Proof. This is clear from the previous discussion, as $B$ can be thought of as a category. Another way to see this is to define a binary relation $R$ on $B$ so that $aRb$ iff $a,b$ have the same source and target. Then $R$ is an equivalene relation, and its equivalence classes have the form $H(e,f)$ . $\qedsymbol$

Lemma 2 The cardinality of $H(e,f)$ is independent of $e$ and $f$ .

Proof. Define $\phi:H(e,f)\to H(e',f')$ , by $\phi(a)=uav$ , where $u\in H(f,f')$ and $v\in H(e',e)$ . Notice that $u,v$ exist by condition 6 above. First, $\phi$ is well-defined, because both $ua$ and $av$ are defined by condition 3, and hence $uav=(ua)v=u(av)$ is defined. In addition, $\phi$ is a bijection, whose inverse is the map $b\mapsto u^{-1} b v^{-1}$ . $\qedsymbol$

Lemma 3 $H(e,e)$ is a group for every $e\in I$ .

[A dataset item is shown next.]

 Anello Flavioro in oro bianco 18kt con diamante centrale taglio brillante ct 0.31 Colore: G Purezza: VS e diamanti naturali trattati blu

Proof. The multiplication on $H(e,e)$ is just the multiplication on $B$ restricted to $H(e,e)$ , which is total (defined for all of $H(e,e)$ ), and associative, with $e$ its multiplicative identity. For $a\in H(e,e)$ , its inverse is guaranteed by condition 5 above. $\qedsymbol$

Lemma 4 $H(e,e)$ is group isomorphic to $H(f,f)$ for every $e,f\in I$ .

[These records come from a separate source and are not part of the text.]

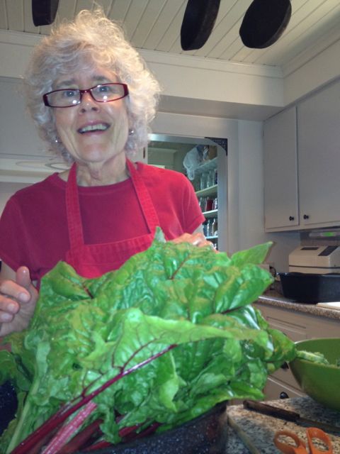 Tom and I will eat it with our eggs in the morning or have it for lunch or dinner but the true destiny of most of our chard is the freezer. I go out to the garden and pick a leaf or two off of each plant and wash, blanch in hot water, chill, spin out the water, and pack in freezer bags. Later, I will take them out in the winter for summer-like taste bud heaven.
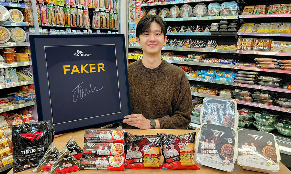 5일 모델이 글로벌 e스포츠 기업 T1 소속 프로게이머 페이커(본명 이상혁)의 사인이 담긴 패널을 들고 있다. 편의점 CU는 T1의 리그오브레전드(LoL) 국제대회 결승 진출을 기념해 제휴 상품 구매 시 원하는 선수의 사인 유니폼 당첨에 응모할 수 있는 이벤트를 진행한다고 밝혔다.
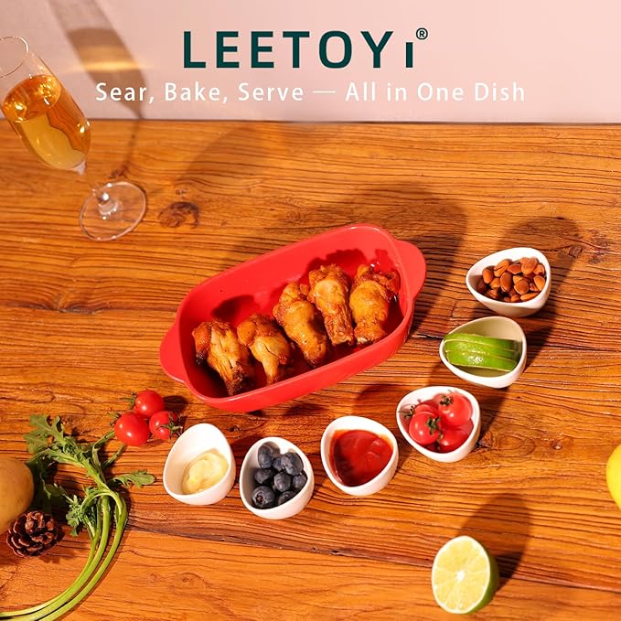 LEETOYI Ceramic Small Baking Dish, Porcelain 2-Piece Rectangular Bakeware with Double Handle, Baking Pans for Cooking and Cake Dinner 7.5"×5 (Red)
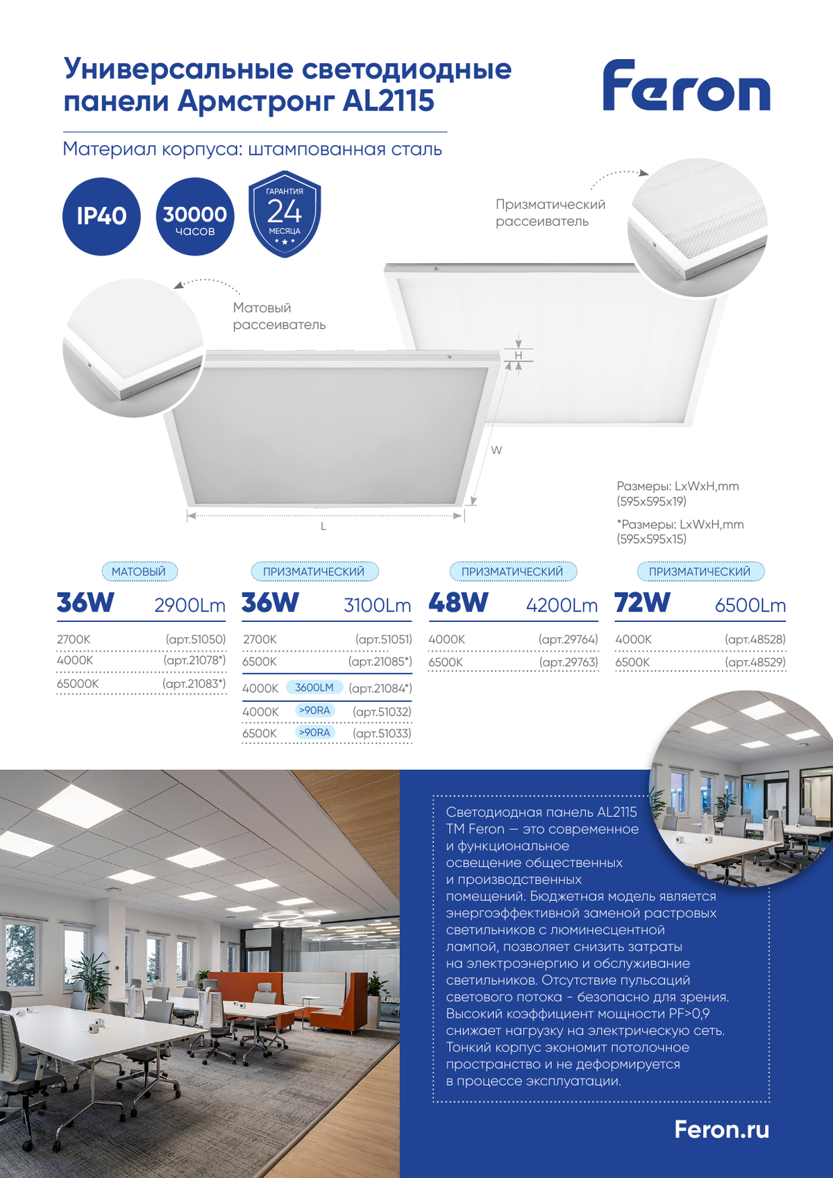 Светодиодные светильники армстронг 600*600 Светодиодный светильник Feron AL2115 встраиваемый 72W 6500K белый  48529
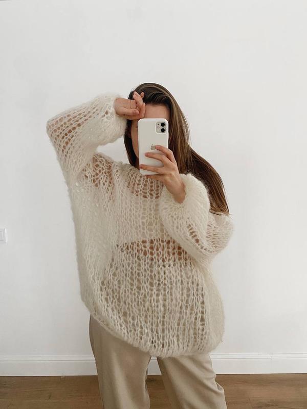 Стильный и женственный свитер-паутинка из премиальной шерсти. Очень нежный и мягкий. Ручная работа.
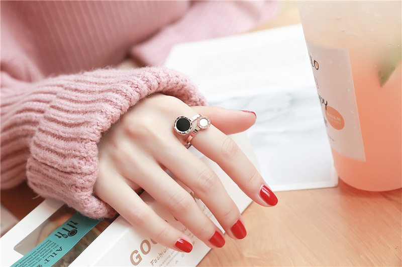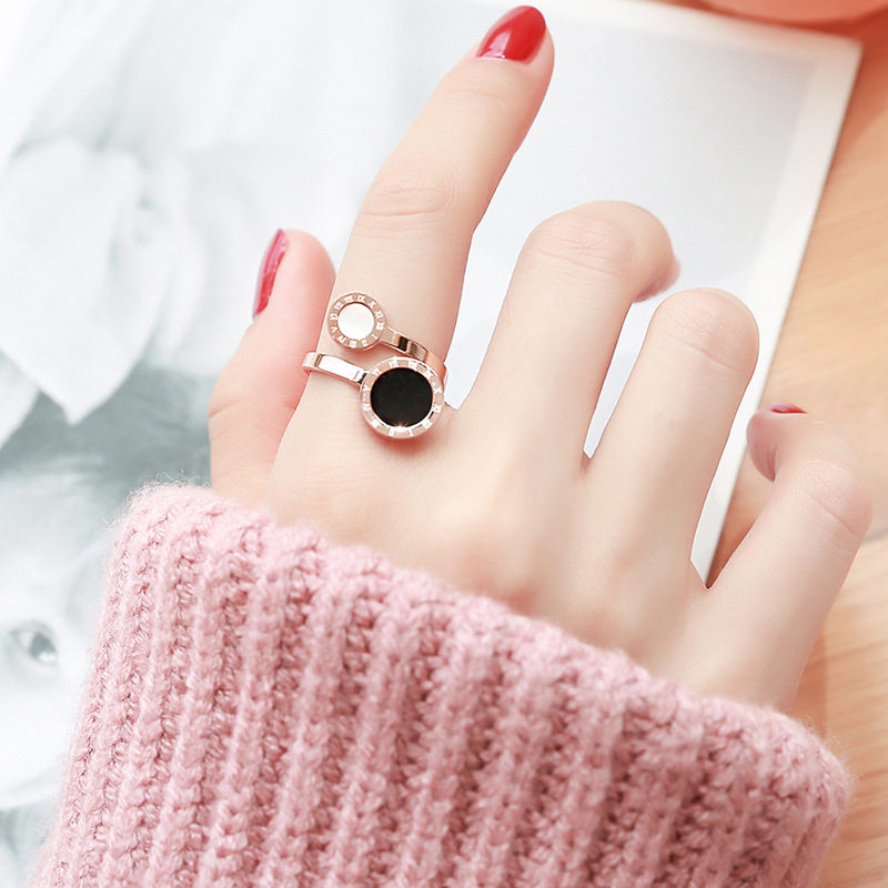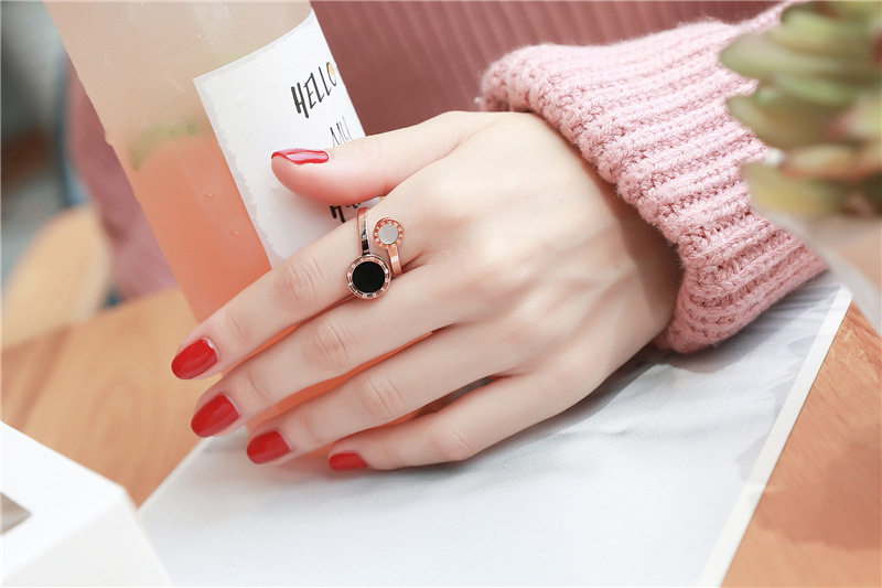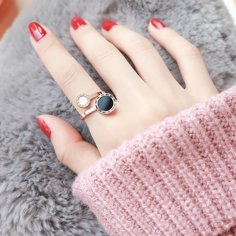 Size Black And White Shell Roman Female Ring Korean Version Of Titanium Steel Color Gold Plated Ring

Proof. The function $\phi:H(e,e)\to H(f,f)$ given by $\phi(a)=uau^{-1}$ , where $u\in H(e,f)$ , is a well-defined bijection according to the proof of the first observation. Furthermore, $\phi(ab)= u(ab)u^{-1}= u((ae)b)u^{-1} = u(a(u^{-1}u)b) u^{-1} = u(((au^{-1})u)b)u^{-1}= u((au^{-1})(ub))u^{-1}=(u a u^{-1})(ub u^{-1})=\phi(a)\phi(b)$ , hence $\phi$ is a group isomorphism. $\qedsymbol$

Proof. [Proof of Proposition 1.] By the axiom of choice, there is a function $\alpha:I\to B$ such that $\alpha(f)\in H(e,f)$ and $\alpha(e)=e$ . For any $a\in B$ , set $$\overline{a}:=\alpha(t(a))^{-1} a \alpha(s(a))\in G.$$ If $ab$ is defined, then $s(a)=t(b)$ , so that \begin{eqnarray*} \overline{ab} &=& \alpha(t(ab))^{-1} ab \alpha(s(ab)) \\ &=& \alpha(t(a))^{-1} ab \alpha(s(b)) \\ &=& \alpha(t(a))^{-1} a \alpha(s(a))\alpha(s(a))^{-1} b \alpha(s(b) \\ &=& \alpha(t(a))^{-1} a \alpha(s(a))\alpha(t(b))^{-1} b \alpha(s(b) \\ &=& \overline{a}\overline{b}. \end{eqnarray*}Now, define $\phi:B\to I\times G\times I$ by $$\phi(a)=(t(a),\overline{a},s(a)).$$ This is clearly a well-defined function. In addition, it is one-to-one: if $\phi(a)=\phi(b)$ , then $s(a)=s(b):=f$ , $t(a)=t(b):=g$ and $\alpha(g)^{-1} a \alpha(f) = \overline{a} = \overline{b} = \alpha(g)^{-1} b \alpha(f)$ . As a result, $a = \alpha(g) \overline{a} \alpha(f)^{-1} = \alpha(g) \overline{b} \alpha(f)^{-1} = b$ . It is also onto: given $(g,c,f)\in I\times G\times I$ , then $\phi(d)=c$ , where $d= \alpha(g) c \alpha(f)^{-1}$ .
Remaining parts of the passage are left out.